BEGIN DATA FOR ANALYSIS
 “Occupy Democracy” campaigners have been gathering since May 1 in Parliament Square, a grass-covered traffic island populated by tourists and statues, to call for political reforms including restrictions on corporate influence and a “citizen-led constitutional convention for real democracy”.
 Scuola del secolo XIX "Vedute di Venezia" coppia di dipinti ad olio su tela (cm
END DATA FOR ANALYSIS
BEGIN DATA FOR ANALYSIS
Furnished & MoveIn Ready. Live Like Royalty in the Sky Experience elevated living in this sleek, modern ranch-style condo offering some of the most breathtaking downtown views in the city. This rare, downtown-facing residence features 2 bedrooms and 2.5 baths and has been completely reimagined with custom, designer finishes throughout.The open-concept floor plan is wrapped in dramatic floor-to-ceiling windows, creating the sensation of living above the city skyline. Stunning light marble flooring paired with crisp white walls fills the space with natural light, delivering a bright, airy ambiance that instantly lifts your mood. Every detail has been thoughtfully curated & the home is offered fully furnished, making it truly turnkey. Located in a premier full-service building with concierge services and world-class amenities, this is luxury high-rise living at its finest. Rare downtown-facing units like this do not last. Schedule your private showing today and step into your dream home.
END DATA FOR ANALYSIS
**WHAT THE TASK ASKS**
Set down, unchanged, only those lines above that fall between the line with "campaigners have been" and the line with "Scuola del secolo", the two end lines included.

**TASK OUTPUT**
 “Occupy Democracy” campaigners have been gathering since May 1 in Parliament Square, a grass-covered traffic island populated by tourists and statues, to call for political reforms including restrictions on corporate influence and a “citizen-led constitutional convention for real democracy”.
 Scuola del secolo XIX "Vedute di Venezia" coppia di dipinti ad olio su tela (cm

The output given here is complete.